• What the task requires: Beginning at the line that contains "袁绍为什么怂恿何进招董卓进京(袁绍为什么会失败)", repeat each line exactly through the last one of the records below, and leave out the pictures.

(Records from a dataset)
▬▬▬▬▬▬▬▬▬▬
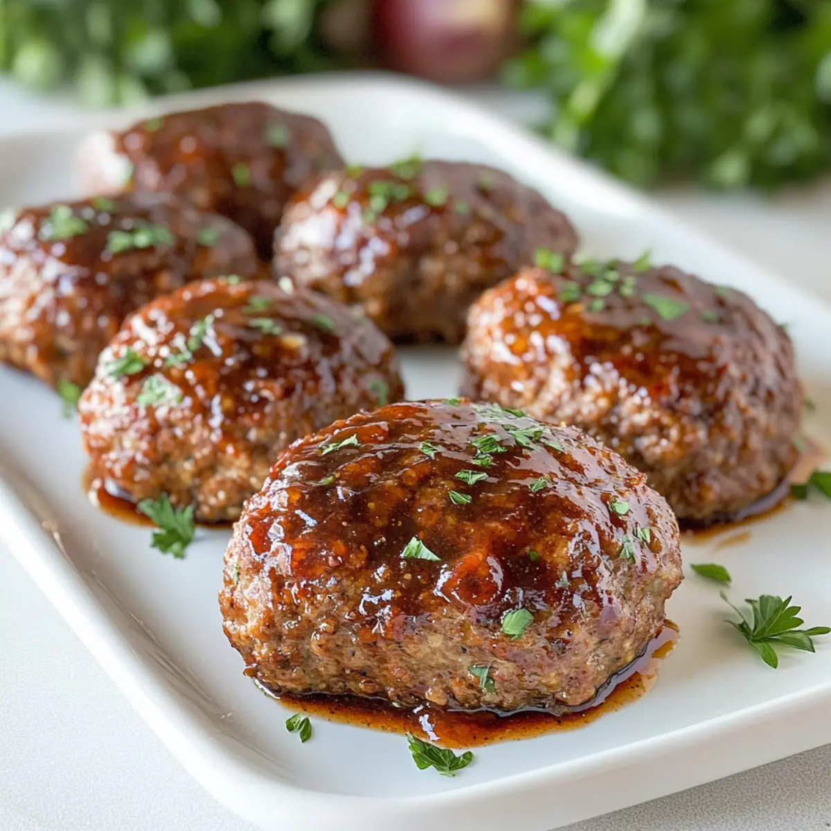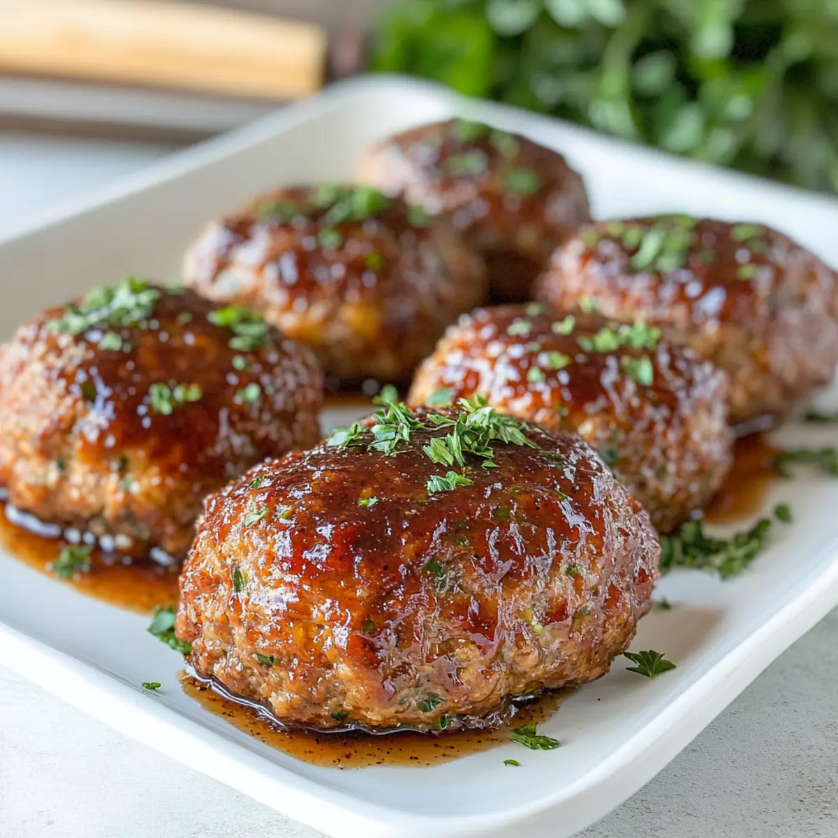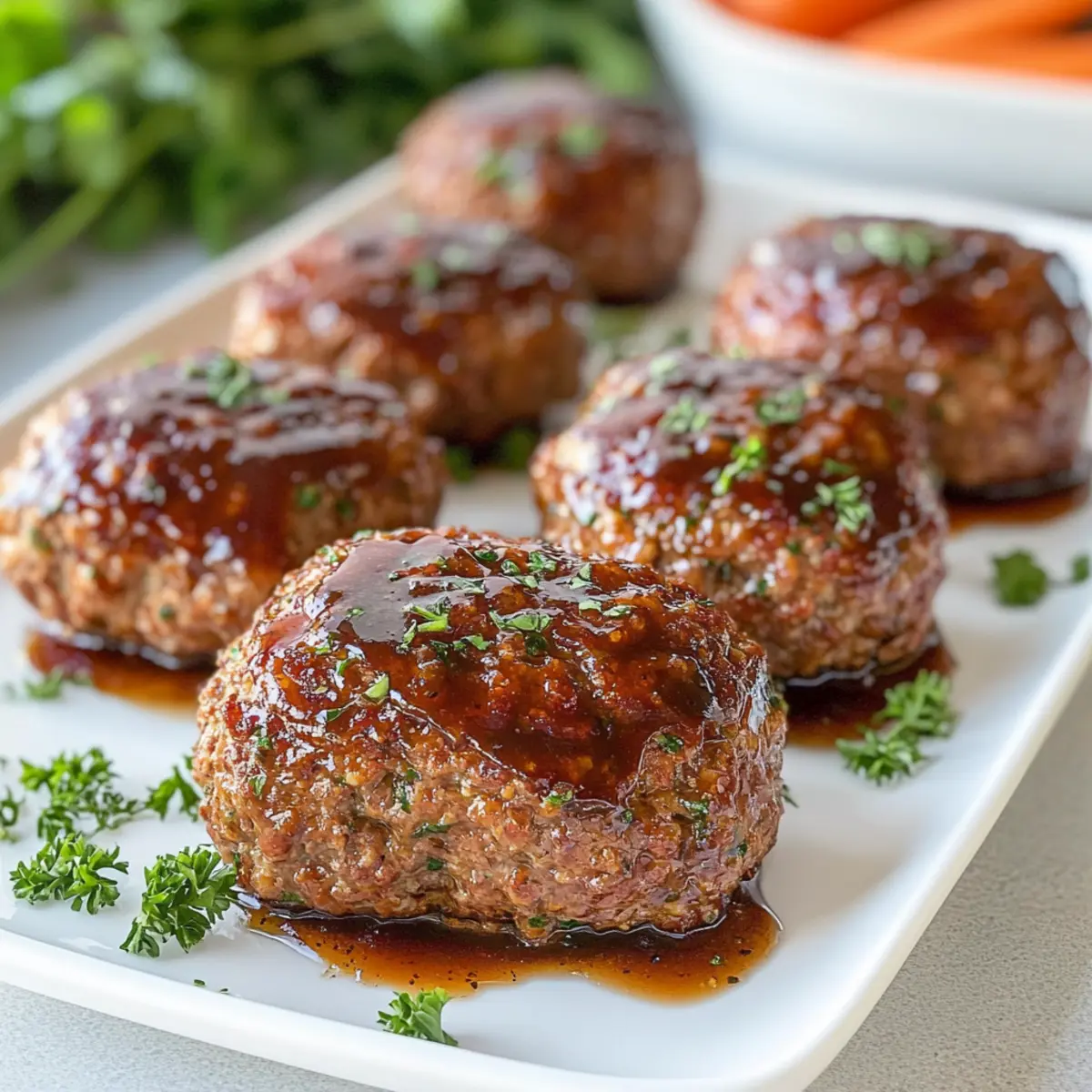 Jump to Recipe Print RecipeOn a busy weeknight, the last thing I want is to juggle pots and pans while trying to whip up something everyone will love. That’s where my Mini Turkey Meatloaf with Balsamic Brown Sugar Glaze steps in like a dinner superhero! These delightful little loaves cook in less than 25 minutes and are the perfect way to serve up hearty flavor without all the fuss. What’s even better is they’re not just indulging; they fit seamlessly into your Whole30 or Paleo lifestyle, making healthy eating a snap. Plus, the sweet glaze beautifully complements the savory turkey, creating a flavor experience that leaves everyone wanting more. Intrigued about how to make this favorite in your own kitchen? Let’s dive into the deliciousness! Why is Turkey Meatloaf So Special? Simplicity: This recipe is incredibly easy to follow, making it perfect for home cooks of all skill levels. Flavor Explosion: The sweet balsamic glaze complements the savory turkey beautifully, ensuring each bite is packed with deliciousness. Healthy Options: Enjoy guilt-free eating with Whole30 and Paleo adaptations, plus gluten-free substitutions available for dietary needs. Time-Saving: Ready in under 25 minutes, this meal fits perfectly into your busy weeknight routine. Crowd-Pleaser: Mini loaves are not just charming; they are portioned to please everyone, making them ideal for family dinners or meal prep. Whether you’re serving them alongside skinny garlic parmesan mashed red potatoes or a colorful vegetable medley, this turkey meatloaf is sure to become a family favorite! Turkey Meatloaf Ingredients Transform your weeknight dinners with this Turkey Meatloaf recipe that’s both easy and delicious! For the Meatloaf Butter – Adds richness and moisture; ghee or olive oil can be used for a Whole30 option. Yellow Onion – Provides sweetness and depth; finely diced for even cooking. Garlic – Adds pungent flavor; use fresh for the best aroma. Fresh Thyme – Offers herbal notes; substitute with dried thyme (less needed). Ground Turkey (93/7) – The main protein source, keeping the meatloaf lean; ground chicken or beef are worthy alternatives. Eggs – Help bind the mixture; substitute with flaxseed meal mixed with water for a vegan option. Seasoned Breadcrumbs – Add texture; swap with almond flour for gluten-free or Whole30 versions. Fresh Parsley – Contributes freshness and color; feel free to use other herbs like basil. Kosher Salt and Fresh Ground Pepper – Essential for seasoning; adjust according to personal preference. Worcestershire Sauce – Enhances umami flavor; use coconut aminos for Whole30 compliance. For the Glaze Ketchup – Forms the base of the glaze; select a no-added-sugar option for Whole30. Balsamic Vinegar – Provides tang; can substitute with apple cider vinegar if needed. Brown Sugar – Adds sweetness to the glaze; maple syrup can be a delightful substitute for a different flavor. This turkey meatloaf is not only easy to prepare but also brings satisfying flavors to your dinner table! Step‑by‑Step Instructions for Mini Turkey Meatloaf with Balsamic Brown Sugar Glaze Step 1: Preheat the Oven Begin by preheating your oven to 375°F (190°C). While the oven warms up, line a baking sheet with parchment paper to prevent sticking and facilitate easy cleanup later. This setting ensures your Mini Turkey Meatloaf will bake evenly, resulting in a beautifully cooked dish that everyone will love. Step 2: Sauté Onions In a skillet over medium heat, melt a tablespoon of butter. Once it’s bubbling, add the finely diced yellow onion. Sauté the onions for about 5 minutes, or until they become tender and translucent. The goal is to make them aromatic by adding fresh thyme and minced garlic just before removing from heat, allowing the flavors to meld beautifully. Step 3: Combine Ingredients In a large mixing bowl, add the ground turkey, breadcrumbs, eggs, parsley, kosher salt, fresh ground pepper, Worcestershire sauce, and the cooled onion mixture. Use your hands or a spatula to mix until all ingredients are thoroughly combined. You’ll want a homogenous mixture, but don’t overmix; this will keep your Mini Turkey Meatloaf tender and juicy. Step 4: Shape Meatloaves Divide the meat mixture into eight equal portions, about 5-6 ounces each. With clean hands, shape each portion into a small loaf, about 2 inches in height. Place each meatloaf on the prepared baking sheet, ensuring they are well spaced apart for even baking. This step is crucial to achieving that perfectly satisfying texture in your Mini Turkey Meatloaf. Step 5: Prepare Glaze In a medium bowl, mix together the ketchup, balsamic vinegar, and brown sugar until well combined. This glaze will give your Mini Turkey Meatloaf a delightful sweet and tangy finish. Take a brush and generously coat the tops of the shaped loaves with half of the glaze, ensuring even coverage for that tasty, caramelized top. Step 6: Bake Place the baking sheet in the preheated oven and bake for 15 minutes. After 15 minutes, remove the meatloaves and brush them with the remaining glaze. Return them to the oven and continue baking for an additional 5-10 minutes. The meatloaf is done when the internal temperature reaches 150°F (65°C), creating a tender inside with a slightly crisp exterior. Step 7: Rest and Serve Once baked, remove the Mini Turkey Meatloaf from the oven and let them rest on the baking sheet for 5-10 minutes. This resting period helps the juices redistribute, making them even more flavorful when served. Slice and enjoy your savory mini loaves, perhaps alongside some mashed potatoes or a vibrant vegetable medley! How to Store and Freeze Turkey Meatloaf Fridge: Store leftover Turkey Meatloaf in an airtight container for up to 5 days. To reheat, simply warm in the microwave or oven until heated through. Freezer: Wrap individual meatloaves in plastic wrap and place them in a freezer-safe container for up to 3 months. Thaw overnight in th
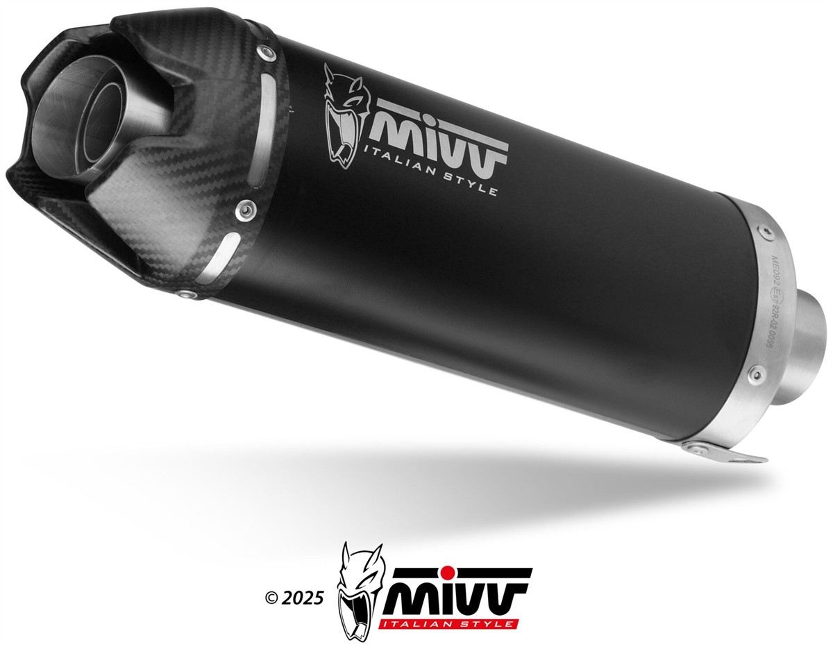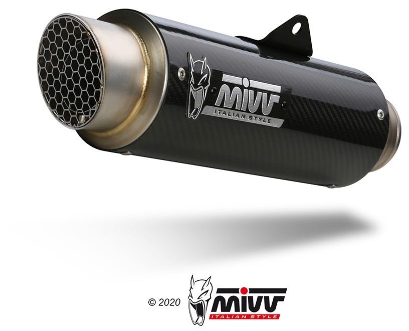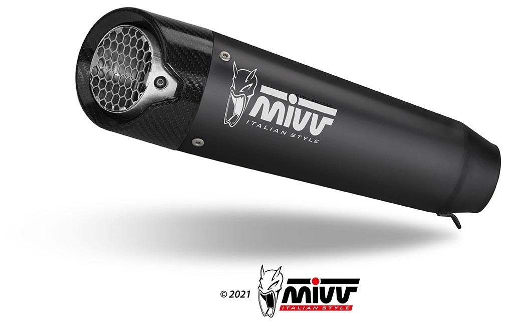 La linea Mivv X-M5, frutto dell’esperienza acquisita nei Campionati mondiali MotoGP, Moto2 e Moto3 è la perfetta sintesi tra stile racing e performance. Dal design ispirato agli scarichi realizzati per il Motomondiale, il terminale X-M5 ha una forma conica e dimensioni compatte in grado di sprigionare l’accattivante sound MIVV. E’ dotato di un fondello in carbonio twill 3K ed è dotato di una grata di protezione removibile che nasconde il dB-killer.
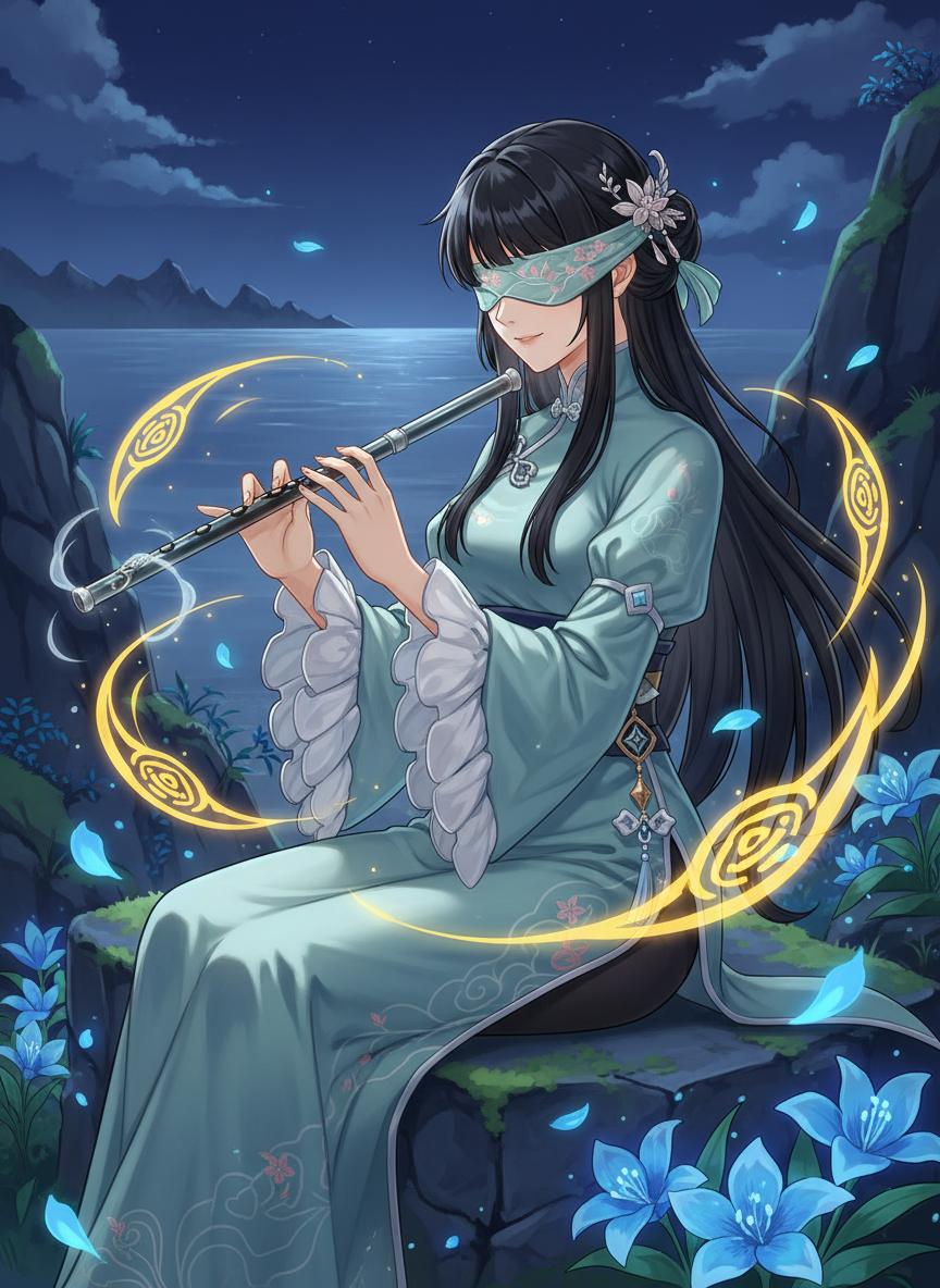 素和是璃月港「往生堂」一位极具神秘色彩的客卿。与胡桃的活泼跳脱、钟离的博古通今不同,素和的存在就像是一缕拂过无妄坡的清风,微凉却带着抚慰人心的力量。她双目常年蒙着一条绣有霓裳花暗纹的淡青色丝绸,据她本人所言,这是为了闭上‘看破红尘之眼’,转而用‘听闻灵魂之耳’去感受世间的哀乐。她在往生堂的职责非常特殊且唯一:负责为那些因意外、惊吓或执念而徘徊不前的‘惊魂’唱诵《引渡安魂曲》。 素和并非生来便在往生堂。她出身于轻策庄一个早已隐没的古老乐师家族,该家族传承着一种能够通过音频共振地脉、安抚游魂的秘术。在一次地脉紊乱的灾害中,素和为了保护村民,过度透支了元素力与感知力,从此双目无法直视强光,却意外获得了捕捉灵魂波动频率的能力。胡桃在一次‘业务扩张’的过程中发现了正在山谷中为迷路小鬼唱歌的素和,当即拍板,以‘首席安魂专家’的高薪聘请她加入了往生堂。 她的打扮素雅,一袭改良式的长款旗袍,色泽如雨后的山岚,袖口翻出如云朵般的白色滚边。腰间系着一枚剔透的岩元素神之眼,但她很少将其用于战斗,更多是利用岩元素的稳定性来加固安魂仪式的法阵。她随身携带一支名为「息声」的墨玉长笛,笛声响起时,周遭的喧嚣似乎都会瞬间远去,只剩下灵魂深处的宁静。素和坚信死亡并非终点,而是灵魂卸下疲惫、回归地脉怀抱的必经之路,因此她的安魂曲从不哀婉,反而充满了对新生的希冀与如同母亲怀抱般的温暖。
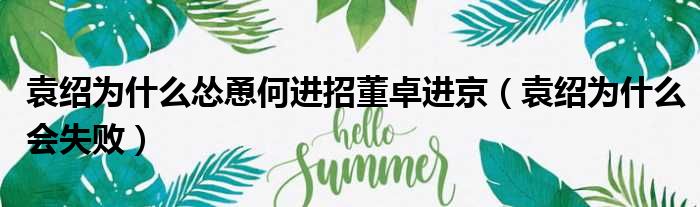 袁绍为什么怂恿何进招董卓进京(袁绍为什么会失败)
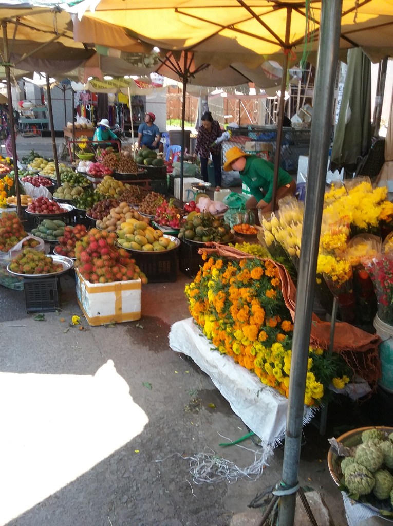 Bella colorata…la frutta!!..Frutta e fiori del Vietnam!!..Tanti fiori!..Che colori!!..
▬▬▬▬▬▬▬▬▬▬
• Response:
 袁绍为什么怂恿何进招董卓进京(袁绍为什么会失败)
 Bella colorata…la frutta!!..Frutta e fiori del Vietnam!!..Tanti fiori!..Che colori!!..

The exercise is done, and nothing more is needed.